__Assigned task__
When the listing below reaches the line that has "Pendientes con forma", start reproducing exactly; stop after the line that has "Il 23 e 24 ottobre", and drop the pictures.

__Source material__
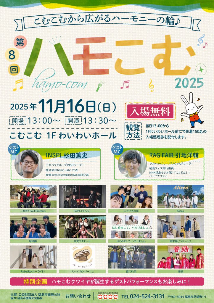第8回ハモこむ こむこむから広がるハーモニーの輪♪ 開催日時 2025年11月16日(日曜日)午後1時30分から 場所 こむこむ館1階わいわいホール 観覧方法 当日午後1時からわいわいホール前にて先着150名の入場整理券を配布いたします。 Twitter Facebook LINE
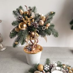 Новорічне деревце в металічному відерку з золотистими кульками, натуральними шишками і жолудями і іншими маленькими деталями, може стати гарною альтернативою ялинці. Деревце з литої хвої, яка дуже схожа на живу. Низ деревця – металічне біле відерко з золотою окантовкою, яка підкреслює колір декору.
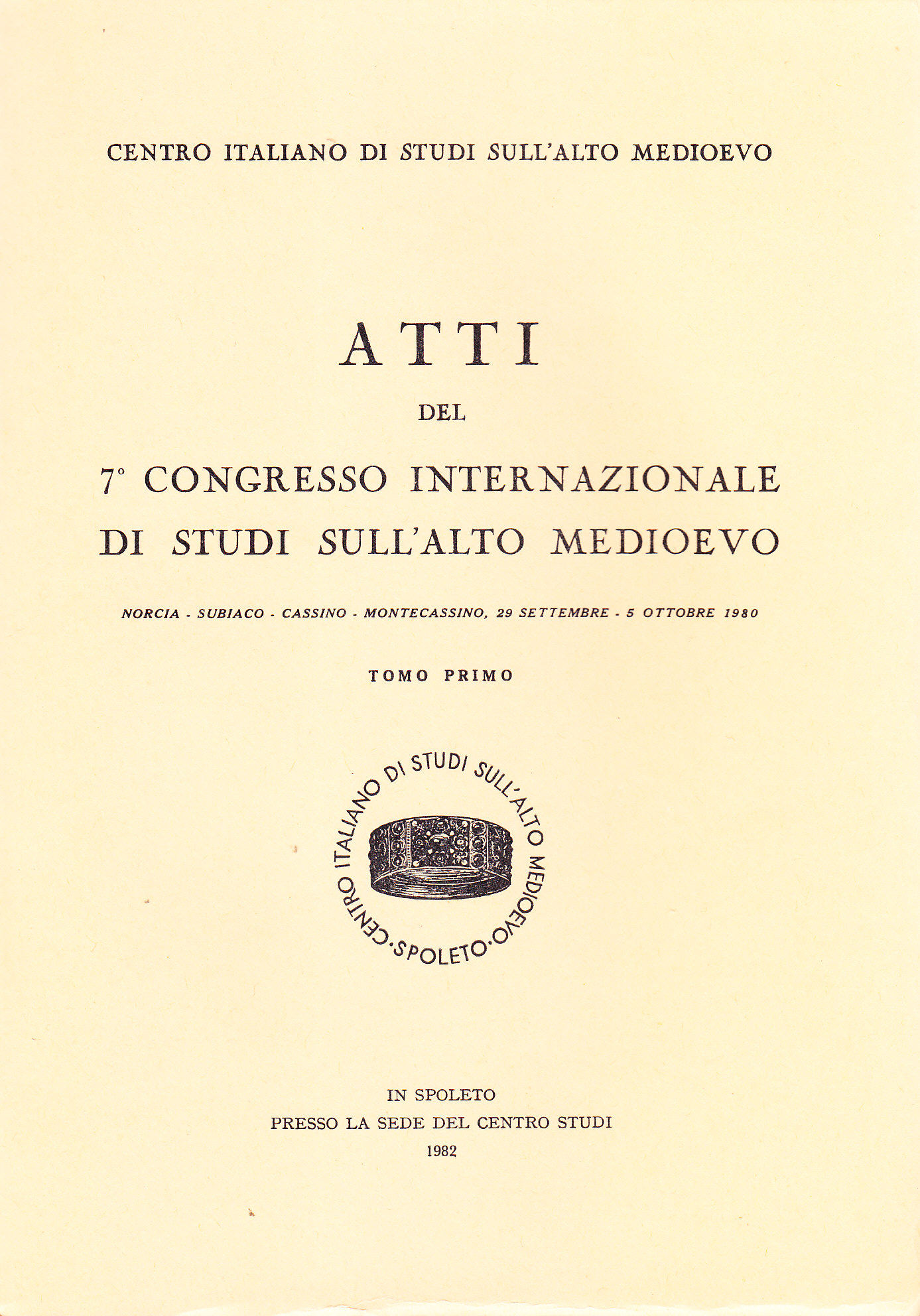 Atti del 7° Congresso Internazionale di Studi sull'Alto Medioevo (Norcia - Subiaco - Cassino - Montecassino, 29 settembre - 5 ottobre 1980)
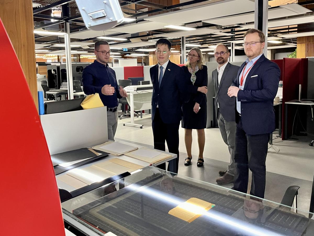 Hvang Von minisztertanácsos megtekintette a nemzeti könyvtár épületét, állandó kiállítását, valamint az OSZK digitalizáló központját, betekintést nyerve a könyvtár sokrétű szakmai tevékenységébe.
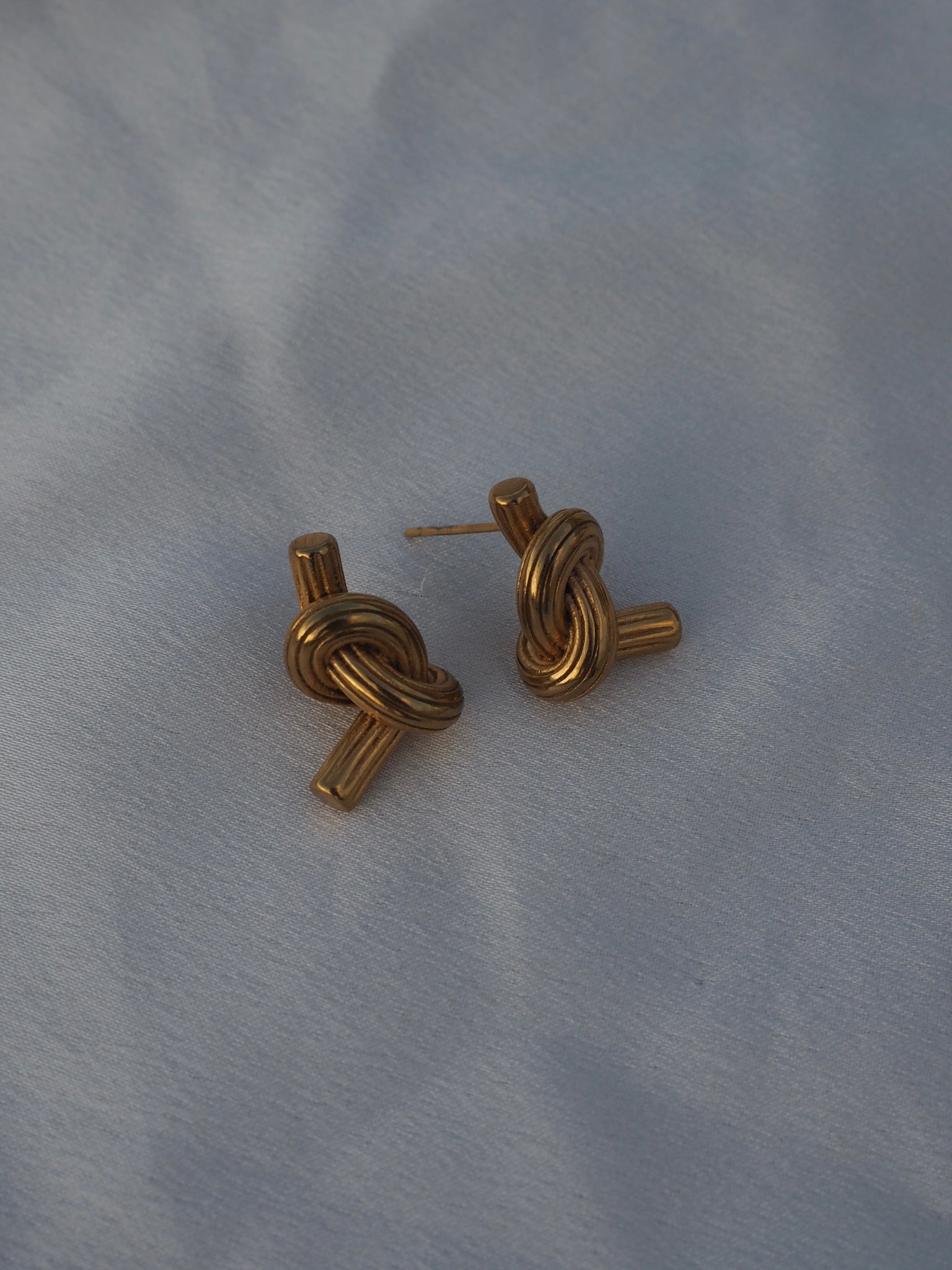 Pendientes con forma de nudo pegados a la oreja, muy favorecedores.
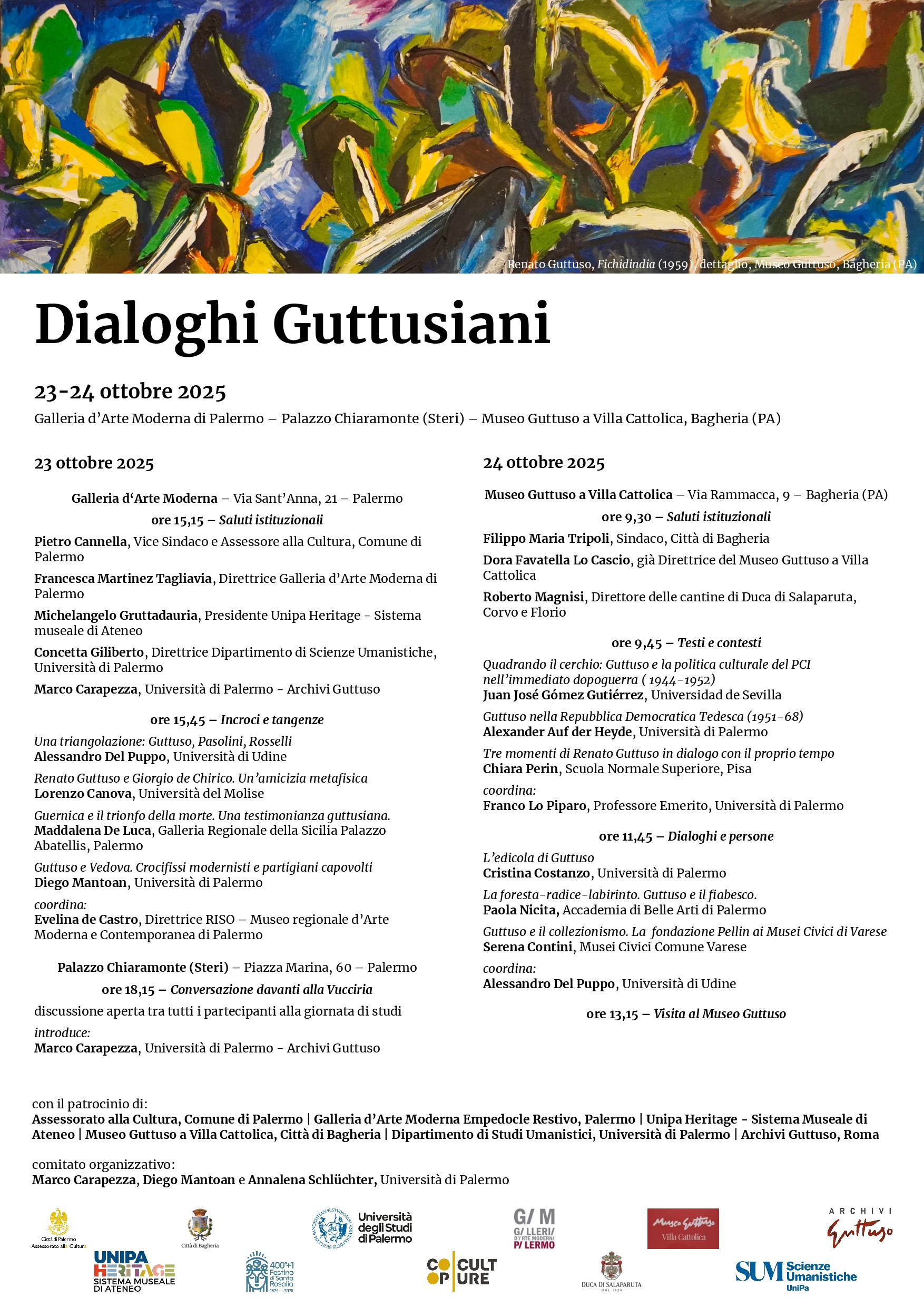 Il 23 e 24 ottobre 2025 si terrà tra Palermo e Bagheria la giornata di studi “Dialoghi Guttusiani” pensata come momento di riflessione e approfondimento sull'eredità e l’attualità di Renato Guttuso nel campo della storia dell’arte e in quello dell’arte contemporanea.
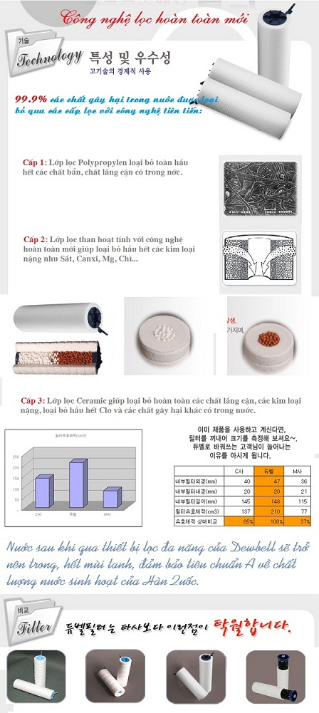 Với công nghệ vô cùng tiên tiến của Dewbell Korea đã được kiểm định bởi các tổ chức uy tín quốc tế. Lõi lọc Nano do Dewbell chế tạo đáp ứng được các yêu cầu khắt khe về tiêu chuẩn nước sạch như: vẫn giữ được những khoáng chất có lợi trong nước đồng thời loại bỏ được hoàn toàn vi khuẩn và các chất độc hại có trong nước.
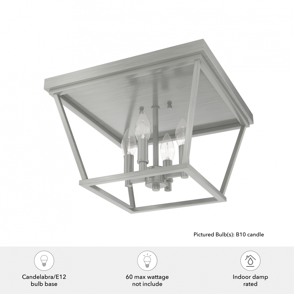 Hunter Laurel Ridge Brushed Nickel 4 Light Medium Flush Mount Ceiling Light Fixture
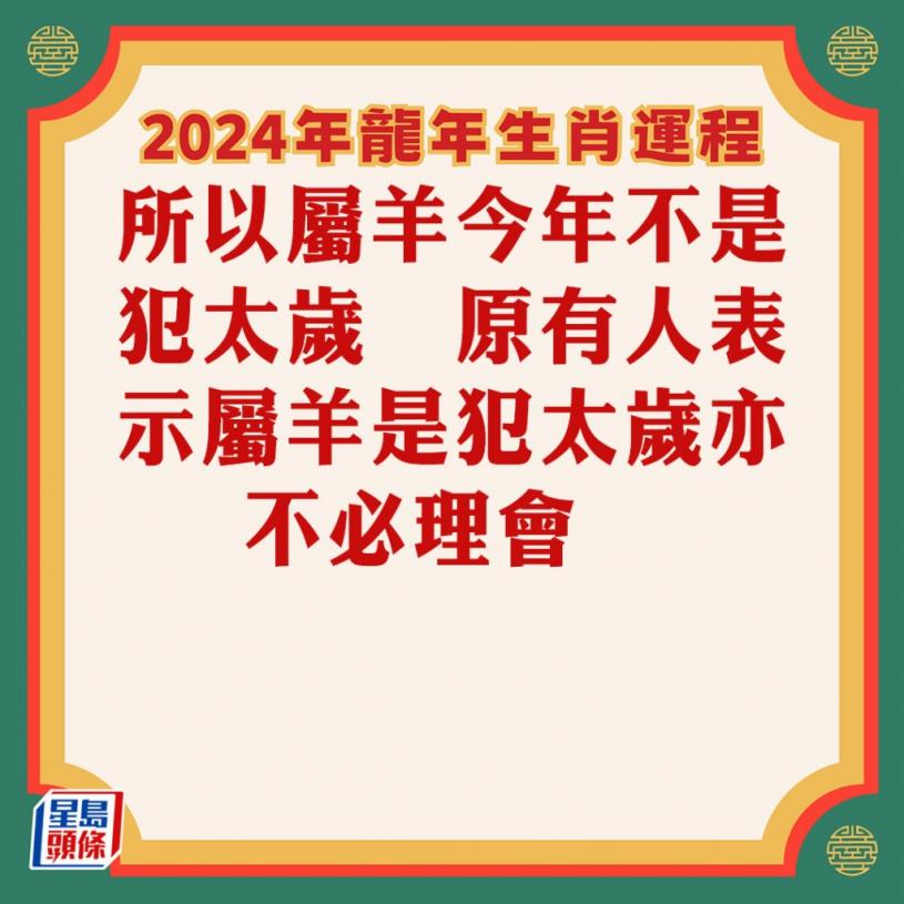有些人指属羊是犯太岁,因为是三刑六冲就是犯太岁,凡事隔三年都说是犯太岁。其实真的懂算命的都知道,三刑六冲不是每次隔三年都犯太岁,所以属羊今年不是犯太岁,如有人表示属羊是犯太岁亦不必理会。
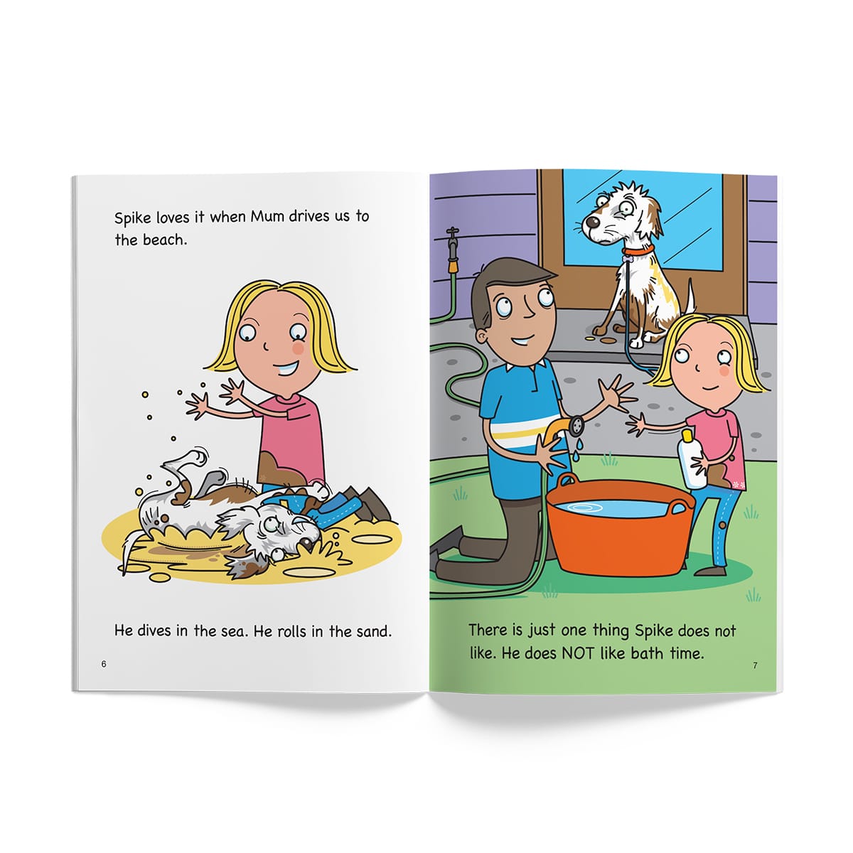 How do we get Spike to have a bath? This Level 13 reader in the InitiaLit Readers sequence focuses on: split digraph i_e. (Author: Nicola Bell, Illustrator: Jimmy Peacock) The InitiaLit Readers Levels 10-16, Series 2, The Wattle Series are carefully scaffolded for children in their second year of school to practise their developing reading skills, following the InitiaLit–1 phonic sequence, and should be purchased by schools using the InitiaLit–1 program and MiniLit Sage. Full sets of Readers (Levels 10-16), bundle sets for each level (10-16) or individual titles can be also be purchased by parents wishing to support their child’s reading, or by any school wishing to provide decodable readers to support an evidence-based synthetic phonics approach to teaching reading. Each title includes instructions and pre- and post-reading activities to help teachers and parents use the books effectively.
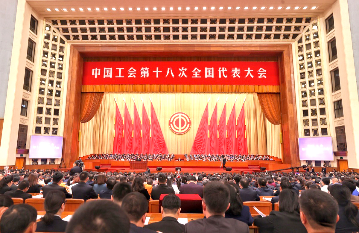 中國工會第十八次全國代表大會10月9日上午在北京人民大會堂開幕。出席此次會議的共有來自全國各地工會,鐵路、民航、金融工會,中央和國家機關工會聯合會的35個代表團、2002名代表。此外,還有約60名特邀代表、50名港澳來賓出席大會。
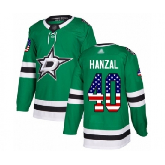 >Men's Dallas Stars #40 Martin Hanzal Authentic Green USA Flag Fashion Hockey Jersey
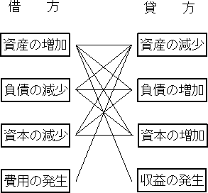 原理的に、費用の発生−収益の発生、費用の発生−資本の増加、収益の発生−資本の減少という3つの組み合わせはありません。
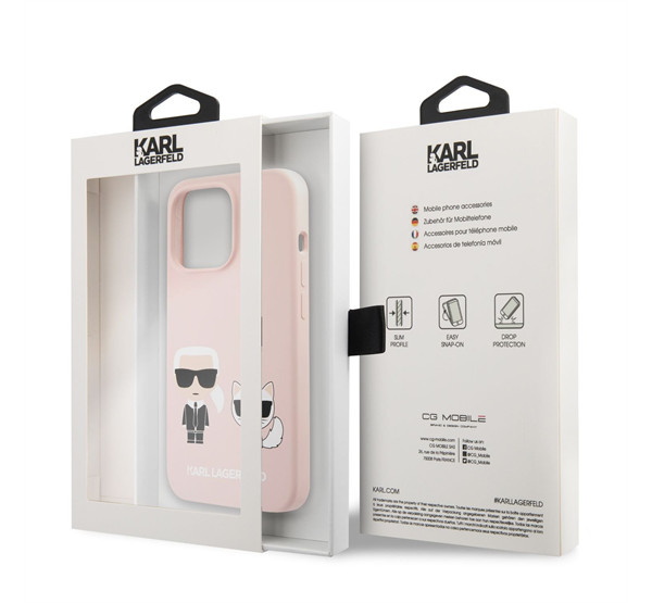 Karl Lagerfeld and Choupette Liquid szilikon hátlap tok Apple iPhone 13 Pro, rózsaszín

__Expected answer__
 Pendientes con forma de nudo pegados a la oreja, muy favorecedores.
 Il 23 e 24 ottobre 2025 si terrà tra Palermo e Bagheria la giornata di studi “Dialoghi Guttusiani” pensata come momento di riflessione e approfondimento sull'eredità e l’attualità di Renato Guttuso nel campo della storia dell’arte e in quello dell’arte contemporanea.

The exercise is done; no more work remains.